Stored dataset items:
....................

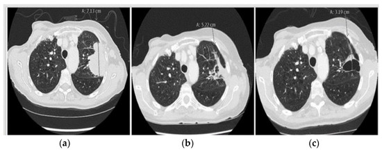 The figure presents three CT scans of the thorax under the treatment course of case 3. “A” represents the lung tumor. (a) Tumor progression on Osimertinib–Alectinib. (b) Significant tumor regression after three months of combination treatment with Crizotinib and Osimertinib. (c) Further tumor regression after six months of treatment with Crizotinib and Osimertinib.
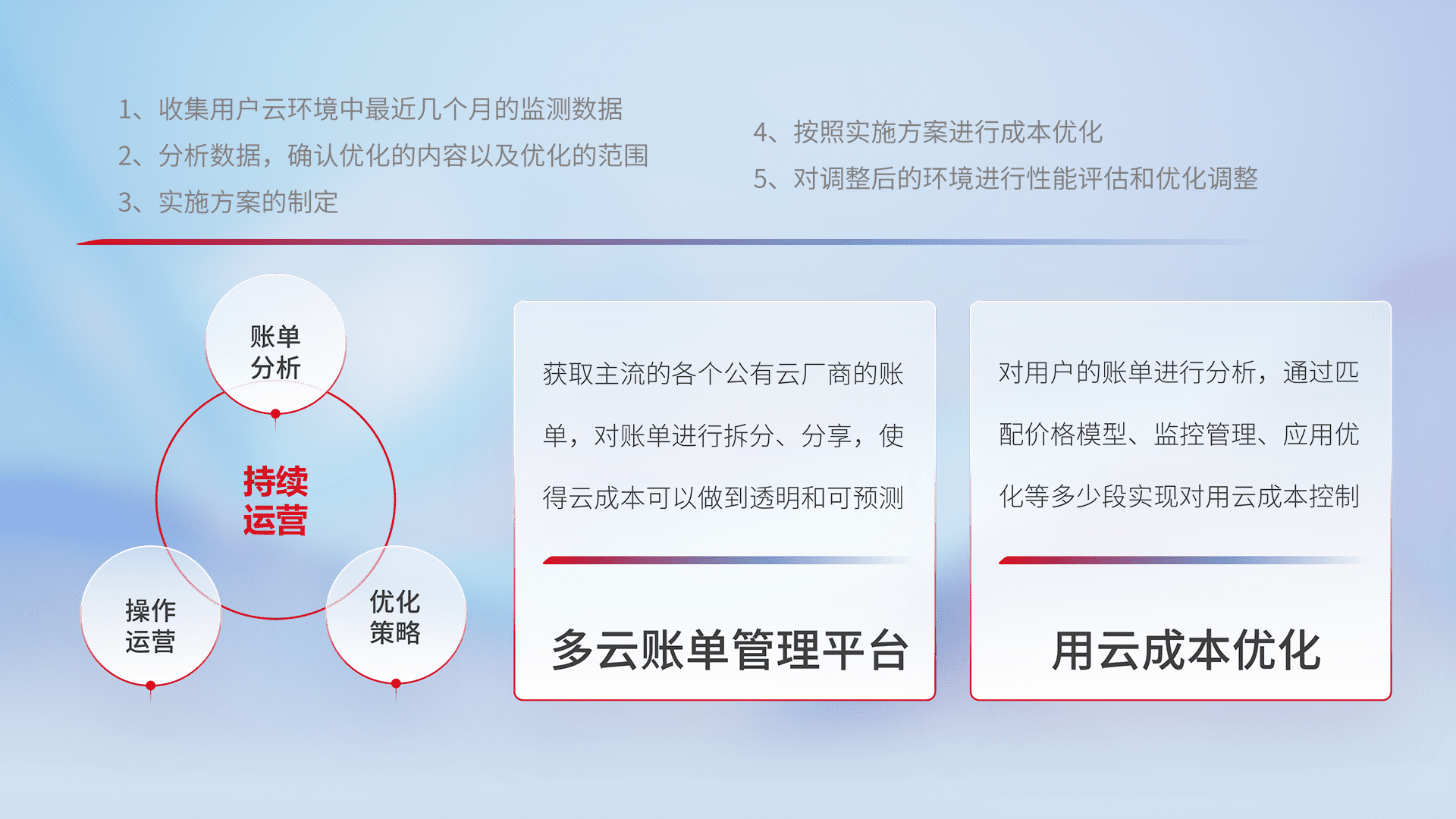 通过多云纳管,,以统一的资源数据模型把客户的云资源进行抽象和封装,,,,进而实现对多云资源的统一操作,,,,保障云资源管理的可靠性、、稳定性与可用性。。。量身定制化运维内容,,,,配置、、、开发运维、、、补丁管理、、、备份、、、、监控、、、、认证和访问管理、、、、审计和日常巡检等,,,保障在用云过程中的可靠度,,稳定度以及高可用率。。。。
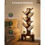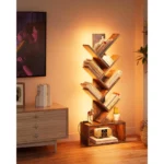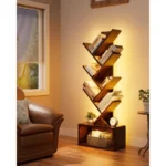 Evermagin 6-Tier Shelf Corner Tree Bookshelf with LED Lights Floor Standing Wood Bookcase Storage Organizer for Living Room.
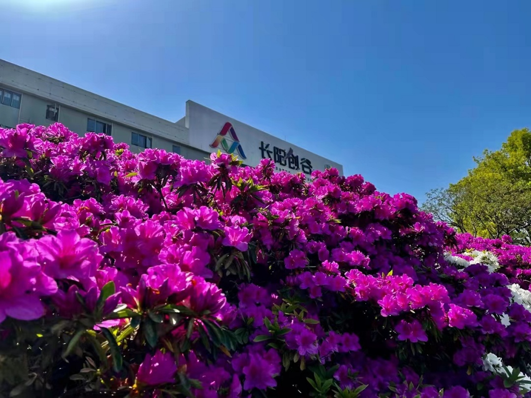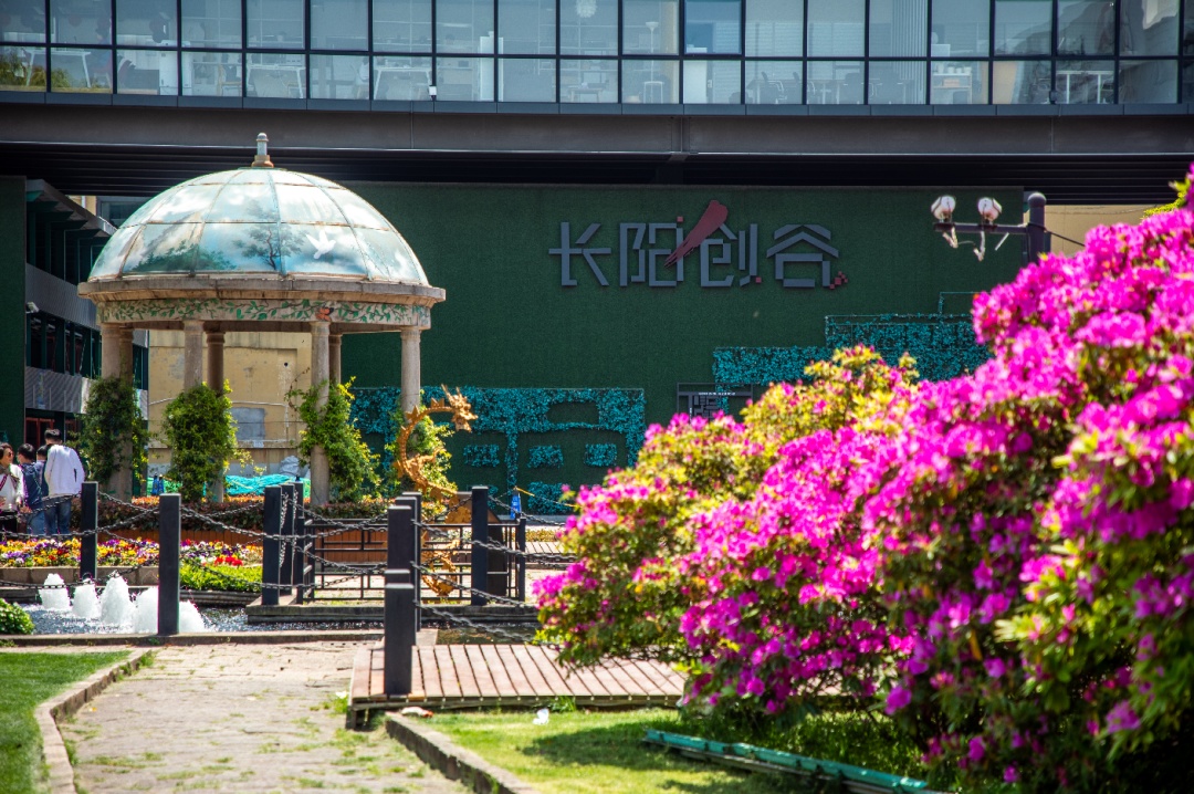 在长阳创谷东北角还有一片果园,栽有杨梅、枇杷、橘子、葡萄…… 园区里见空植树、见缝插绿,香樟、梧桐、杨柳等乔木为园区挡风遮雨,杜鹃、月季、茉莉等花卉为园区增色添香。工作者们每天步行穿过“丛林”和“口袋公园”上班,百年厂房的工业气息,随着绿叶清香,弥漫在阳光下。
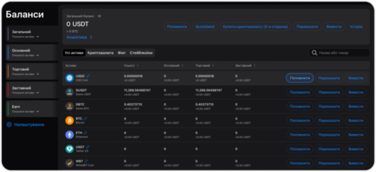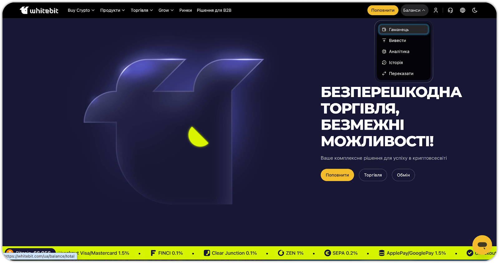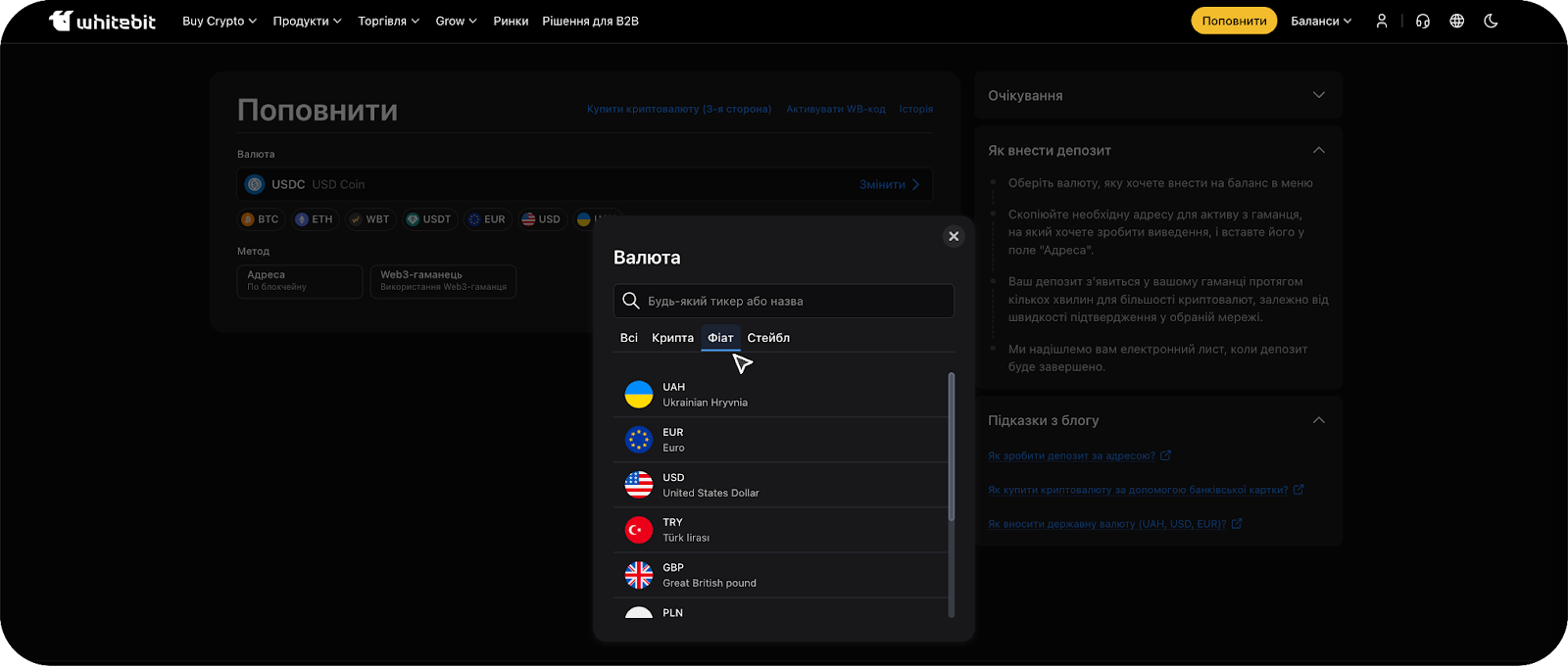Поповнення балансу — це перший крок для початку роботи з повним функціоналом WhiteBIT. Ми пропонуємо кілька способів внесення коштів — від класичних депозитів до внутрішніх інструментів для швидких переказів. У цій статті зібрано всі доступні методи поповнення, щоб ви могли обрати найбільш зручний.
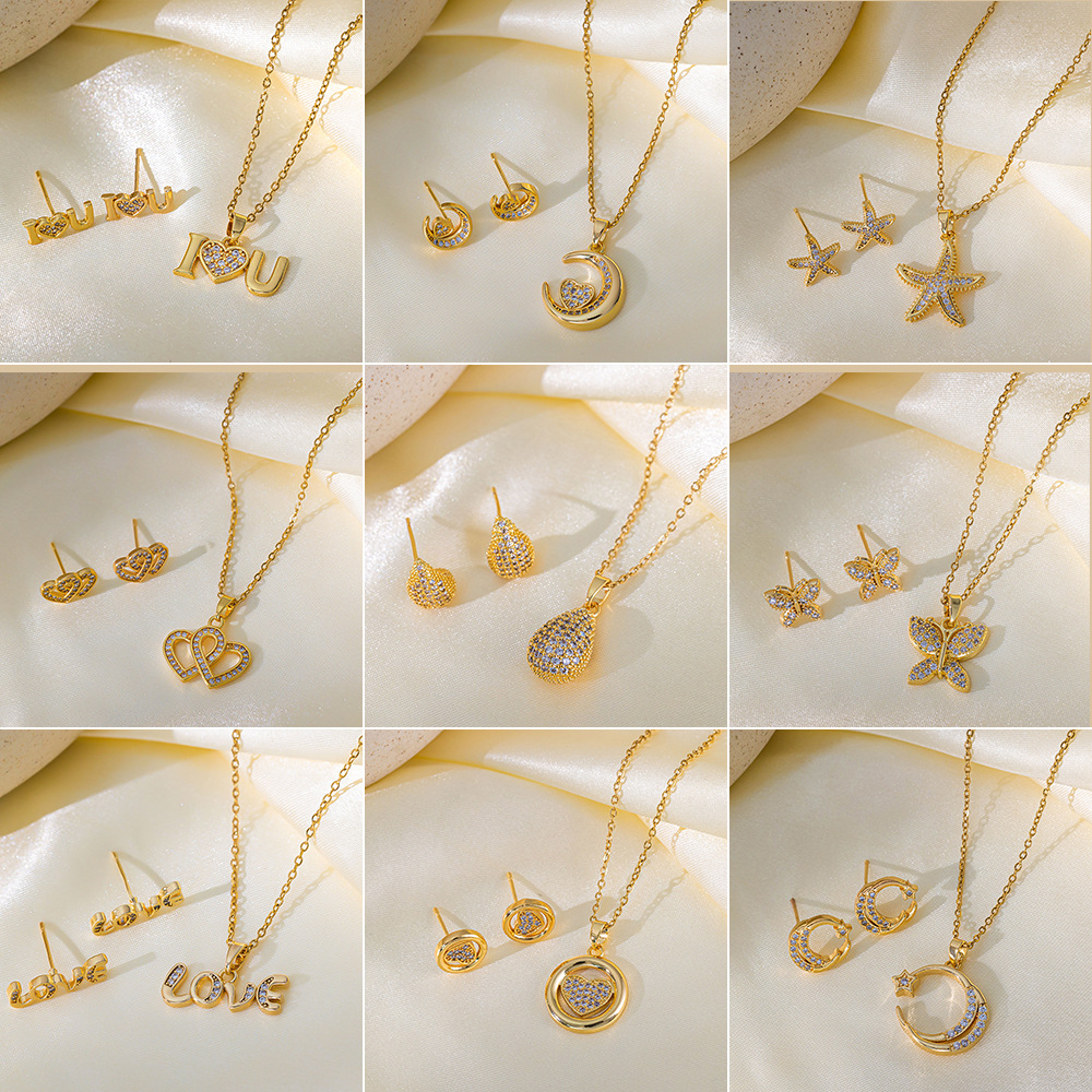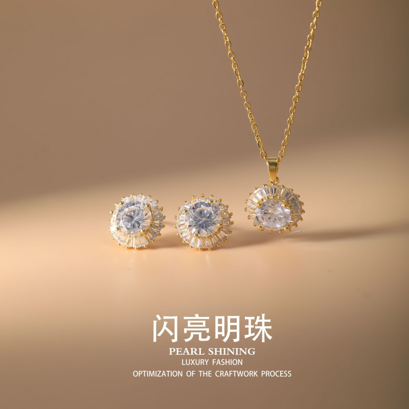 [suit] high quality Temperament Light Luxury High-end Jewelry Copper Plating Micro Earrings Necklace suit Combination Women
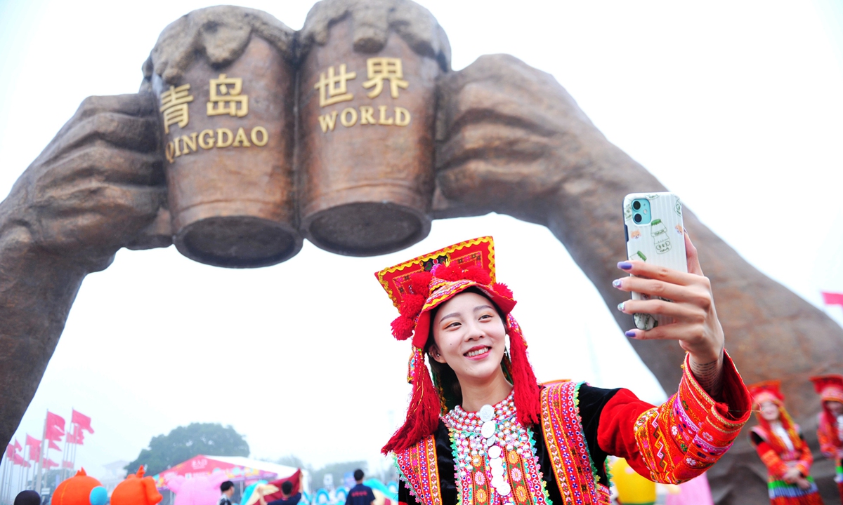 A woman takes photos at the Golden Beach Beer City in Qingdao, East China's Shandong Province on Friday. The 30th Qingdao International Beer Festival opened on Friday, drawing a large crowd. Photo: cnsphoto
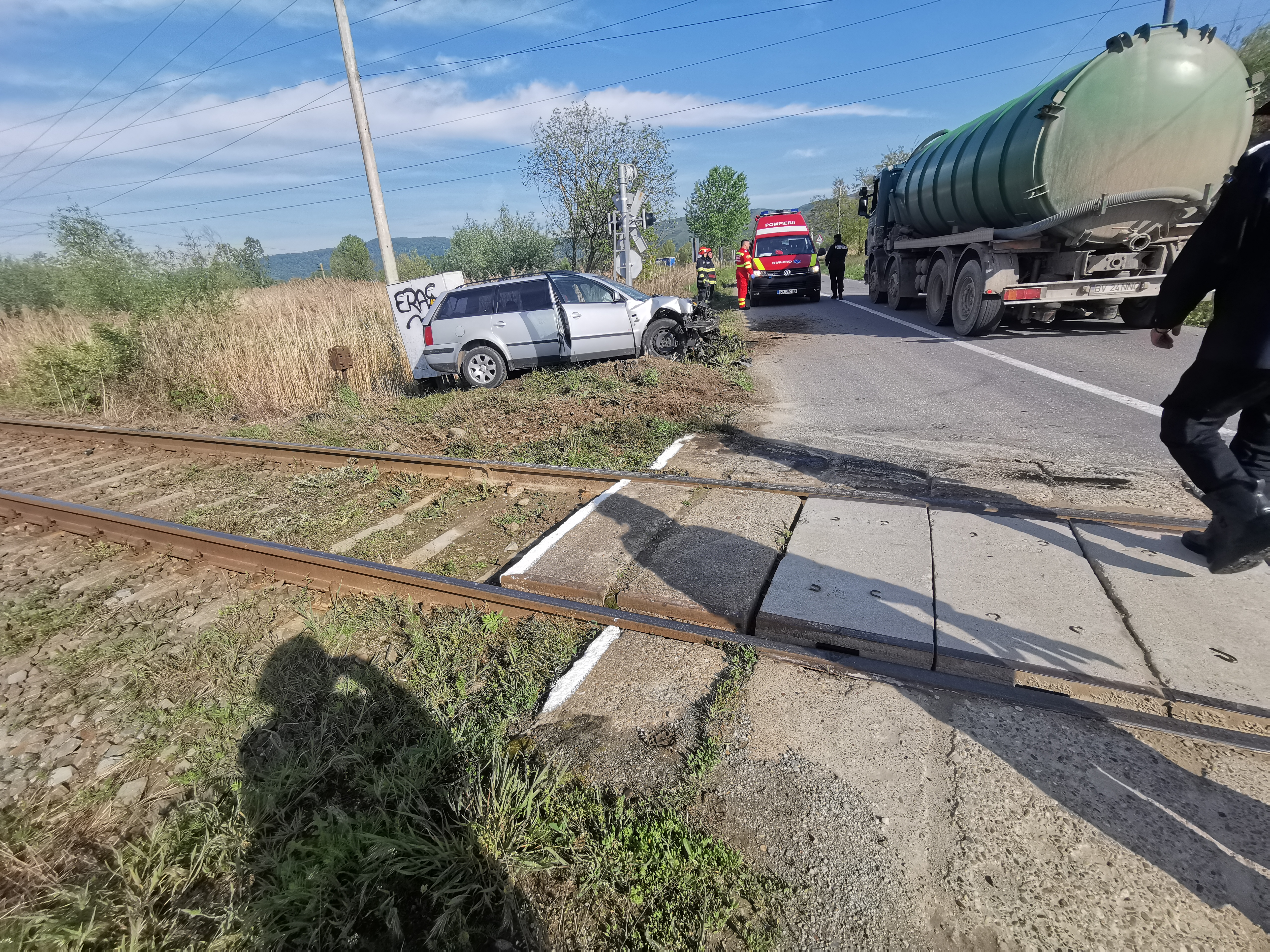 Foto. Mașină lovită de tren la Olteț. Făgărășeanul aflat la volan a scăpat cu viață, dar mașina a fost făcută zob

....................

EXERCISE INSTRUCTIONS »
Copy out every line of the data above, taking care to leave the pictures out.

EXERCISE RESPONSE »
 The figure presents three CT scans of the thorax under the treatment course of case 3. “A” represents the lung tumor. (a) Tumor progression on Osimertinib–Alectinib. (b) Significant tumor regression after three months of combination treatment with Crizotinib and Osimertinib. (c) Further tumor regression after six months of treatment with Crizotinib and Osimertinib.
 通过多云纳管,,以统一的资源数据模型把客户的云资源进行抽象和封装,,,,进而实现对多云资源的统一操作,,,,保障云资源管理的可靠性、、稳定性与可用性。。。量身定制化运维内容,,,,配置、、、开发运维、、、补丁管理、、、备份、、、、监控、、、、认证和访问管理、、、、审计和日常巡检等,,,保障在用云过程中的可靠度,,稳定度以及高可用率。。。。
 Evermagin 6-Tier Shelf Corner Tree Bookshelf with LED Lights Floor Standing Wood Bookcase Storage Organizer for Living Room.
 在长阳创谷东北角还有一片果园,栽有杨梅、枇杷、橘子、葡萄…… 园区里见空植树、见缝插绿,香樟、梧桐、杨柳等乔木为园区挡风遮雨,杜鹃、月季、茉莉等花卉为园区增色添香。工作者们每天步行穿过“丛林”和“口袋公园”上班,百年厂房的工业气息,随着绿叶清香,弥漫在阳光下。
Поповнення балансу — це перший крок для початку роботи з повним функціоналом WhiteBIT. Ми пропонуємо кілька способів внесення коштів — від класичних депозитів до внутрішніх інструментів для швидких переказів. У цій статті зібрано всі доступні методи поповнення, щоб ви могли обрати найбільш зручний.
 [suit] high quality Temperament Light Luxury High-end Jewelry Copper Plating Micro Earrings Necklace suit Combination Women
 A woman takes photos at the Golden Beach Beer City in Qingdao, East China's Shandong Province on Friday. The 30th Qingdao International Beer Festival opened on Friday, drawing a large crowd. Photo: cnsphoto
 Foto. Mașină lovită de tren la Olteț. Făgărășeanul aflat la volan a scăpat cu viață, dar mașina a fost făcută zob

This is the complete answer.